イスラム原理主義勢力タリバーンとパキスタン政府軍の戦闘激化で同国北部から大量の避難民が発生しているようだ。
国連難民高等弁務官事務所(UNHCR)によればスワート地区では住民20万人が同地区を逃れ、さらに30万人が脱出を窺っている、という。戦闘激化以前にも55万人が住み慣れた街や村を後にした。
「戦域がアフガンからパキスタンにまで広がった」などとする見方があるが、それは違う。タリバーンが戻って来ただけだ。タリバーンは元々パキスタン北西部の神学校で輩出され、90年代の内戦真っ盛りのアフガンに続々と投入されていった。
「カブール陥落」(2001年末)間もないペシャワルで筆者は元タリバン兵という青年に会った。
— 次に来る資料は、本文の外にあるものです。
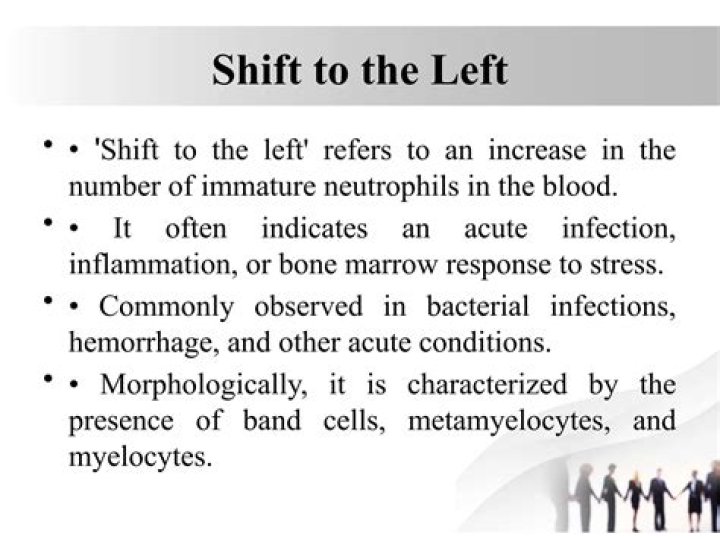 Left shift or blood shift is an increase in the number of immature leukocytes in the peripheral blood, particularly neutrophil band cells. Less commonly, left shift may also refer to a similar phenomenon in severe anemia, when reticulocytes and immature erythrocyte precursors appear in the peripheral circulation.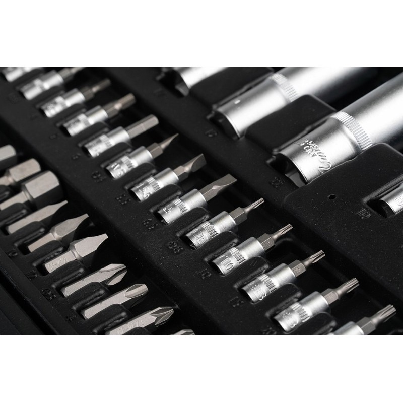 - 18x nasadka z bitami - HEX: H3, H4, H5, H6, Torx: T8, T10, T15, T20, T25, T27, T30, PZ: 1,2, PH: 1, 2, SL: 4, 5.5, 6.5,
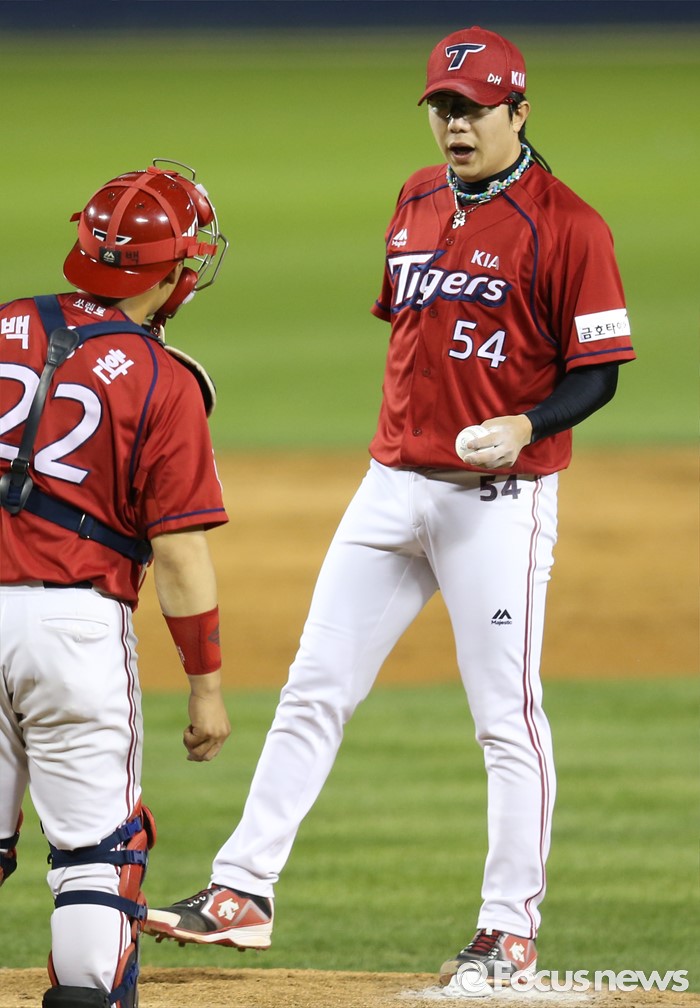 (서울=포커스뉴스) 19일 서울 잠실구장에서 열린 2016프로야구 KIA-두산 경기 4회말 1사 2루에서 KIA 투수 양현종이 동점 주자를 내보내자 포수 백용환이 마운드에 올라가며 대화하고 있다.

「兄はまだトライバルエリア(部族地帯)にいる」、青年は涼しい顔をして話した。
「カブール陥落」は、米軍と日本も含めた西側のマスコミの早合点だ。タリバーンはアフガン-パキスタン国境の部族地帯に一旦兵を引いただけなのである。現在のNATO軍の劣勢とタリバーンの攻勢を見れば、改めて言うまでもないことだ。
「アフガンの安定はパキスタン(部族地帯も含む)の安定から」という米国の勝手な理屈で、パキスタンへの経済支援を強化することになり、4月17日、東京でパキスタン支援国会合が開かれた。翌日、米国のホルブルック・アフガン・パキスタン担当特使が都内で記者会見し、「(参加各国合わせて)年50億ドルの援助表明があった」と誇らしげに語った。
パキスタンのジャーナリストが特使に質問した。「パキスタンを同盟国というのならなぜ部族地帯を空爆するのか?」
ホルブルック特使は嫌な顔をし質問には答えなかった。記者会見の後、筆者はそのジャーナリストに話を聞いた。
彼が言いたかったことは要約すればこうだ――米国は「50億ドルは空爆の慰謝料」「貧国は、頬を札束でひっぱたけばどうにでもなる」と認識しているのではないだろうか。
米国の思惑に反して主戦場は、アフガン→部族地帯→パキスタンと確実に東に広がっている。昨年末、ムンバイで起きたテロ事件は、インドまで火の粉が飛んでいることの証だ。
核の管理がズサンなこの地域が戦場と化してしまえば、核がテロリストの手に渡るという最悪のシナリオも視野に入れなければならない。